Bash Cookbook
Delete files/directory recursively from S3
aws s3 ls BUCKET-NAME --recursive > file_Structure
# after all file keys are extracted filter only the target dir to delete
# create objects of 1000 file key and delete
cat file_Structure | xargs -P8 -n1000 bash -c 'aws s3api delete-objects
--bucket ml-box-data
--delete "Objects=[$(printf "{Key=%s}," "$@")], Quiet=true"' _
Delete files/directory recursively
Remove -v flag if you don't want verbose output.
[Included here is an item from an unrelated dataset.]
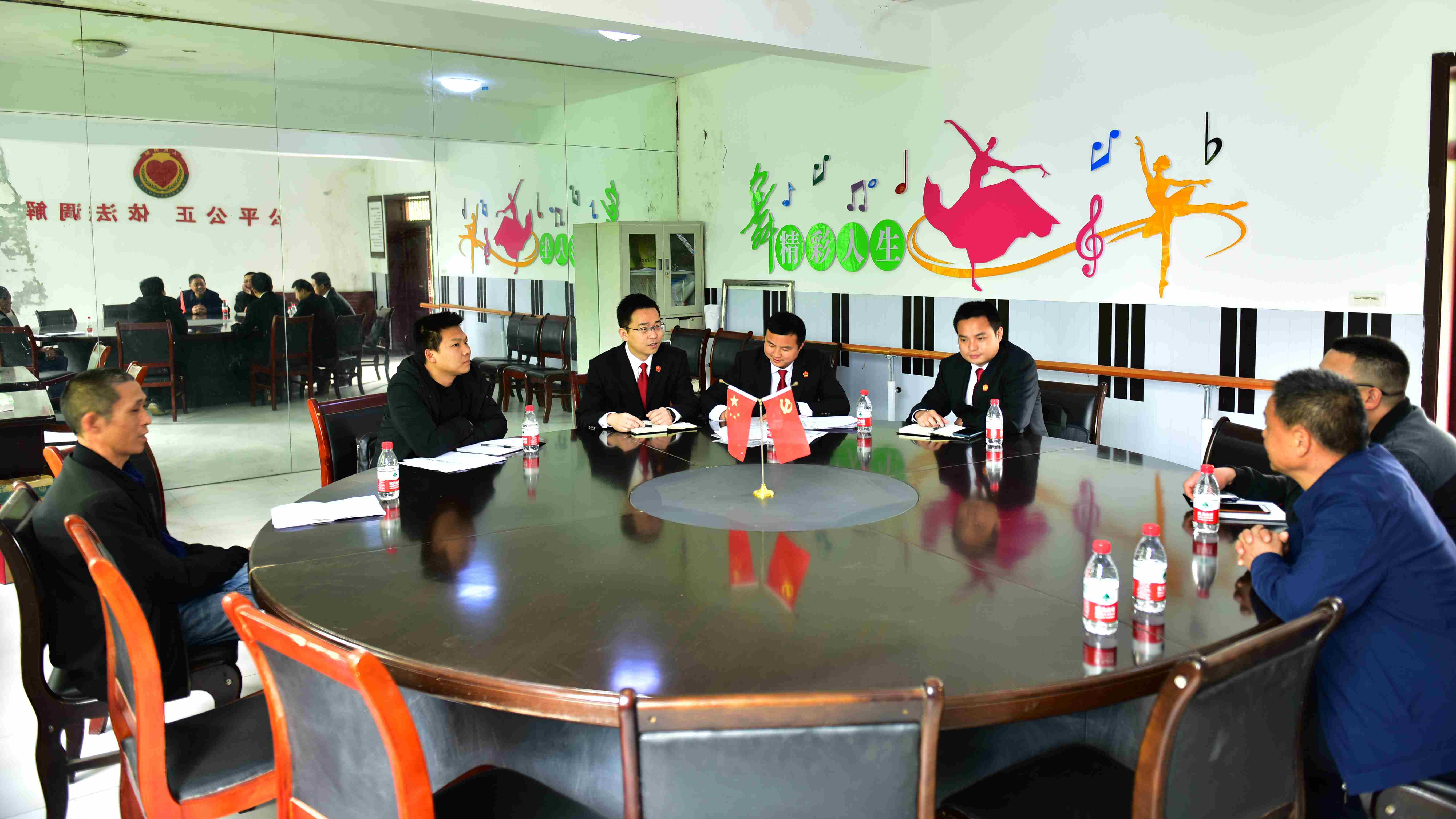 冒着淅沥的小雨,经过四十分钟的车程及十几分钟崎岖山路的步行,两江鱼复法庭的法官们来到复盛镇石庙村便民服务中心,中心的二楼就是老马工作室石庙村分室。

# find and list all files that match *.bak pattern
find . -name "*.bak" -type f
# find and delete all files that match *.bak pattern
find . -name "*.bak" -type f -delete
find . -name "*.egg-info" -type d # find all dir that match the pattern
find . -name "*.egg-info" -type d -exec rm -rv {} + #(1)!
find . -name "*.egg-info" -type d -exec rm -rv {} \; #(2)!
-
Find and delete all dir that match the pattern. The
+at the end will result inrm -rv file1 file2 ... -
Find and delete all dir that match the pattern. The
\;at the end will result inrm -rv file1;rm -rv file2;...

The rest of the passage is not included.